Alcoa Foundation said in a statement that it did not recall receiving a request for information from Green 2.0.and that its staff and board are listed on their website, and that the foundation participates in an annual corporate survey which includes detailed questions about its team and leadership.

The Richard King Mellon Foundation did not respond to our request for comment.

Whitney Tome of Green 2.0 says her group sent communications to the Heinz Endowments and the Alcoa Foundation for the last several years on its calls for data and has never received a response or acknowledgement.  

“I would hope that this level of transparency, which for me is a pretty low bar, which is like, just sharing your data, is something that people are willing to step up and do. Because at this point, what do you have to lose?” she asked.

Tome says making these data public is one way foundations can demonstrate they are serious about diversity, inclusion, equity and justice.

Looking Ahead

Environmental justice pioneer Mustafa Santiago Ali predicts that the environmental groups with a diverse board and leadership, and that weave diversity and equity into the fabric of their work are the ones that will survive long term. 

“If I am a person of color, and I do not see myself represented in the leadership on the boards, into the sets of priorities that you are focusing on, then I’ll probably make the assumption that this is not an organization for me,” he said. 

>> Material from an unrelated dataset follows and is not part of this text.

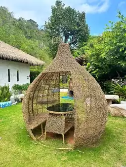 💯 The menu here offers a wide variety of options, including meticulously prepared Thai and European dishes. There are also a range of coffee and other beverages to choose from. One of the highlights of this place is its beautiful Balinese-style decor, featuring numerous photo-worthy spots. Whether it's the seating area by the water, the long wooden bridge, or the garden filled with various plants, visiting here is not just about dining but also about relaxing, taking photos, and recharging yourself.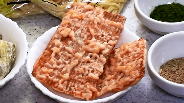 クレープでふたをして焼いていた時は、キャベツは甘くておいしいのですが、クレープの焼きが足りないと、もちもちとした団子を食べているような食感のときがありましたが、それが解決しました。外側がカリッとして水っぽさが飛びました。

Ali worked 24 years at EPA, and is now vice president of environmental justice, climate, and community revitalization at the National Wildlife Federation. While the 2014 study found that few minorities are members or volunteers of environmental organizations, Ali says a growing number of people of color see the importance of protecting clean air and water in the environment, and in their own communities. 

“So there is a financial aspect that organizations need to be focused on, if you want to grow your base, you’d better be in step with what the country is asking for,” he said.

At Audubon Pennsylvania, where they’ve worked to increase diversity of their staff, director Greg Goldman admits their board of directors includes only one person of color, and no African Americans.

“One thing that we’ve learned is that you never stop, right? It’s not like, ‘okay, check mark, we’ve taken care of diversity now, and we’re good to go back to whatever we were doing before back on our path,‘ ” he said. 

One group or type of individual can’t solve the world’s environmental problems, Goldman says, and the environmental movement needs to educate, listen and engage as many as possible in caring for it.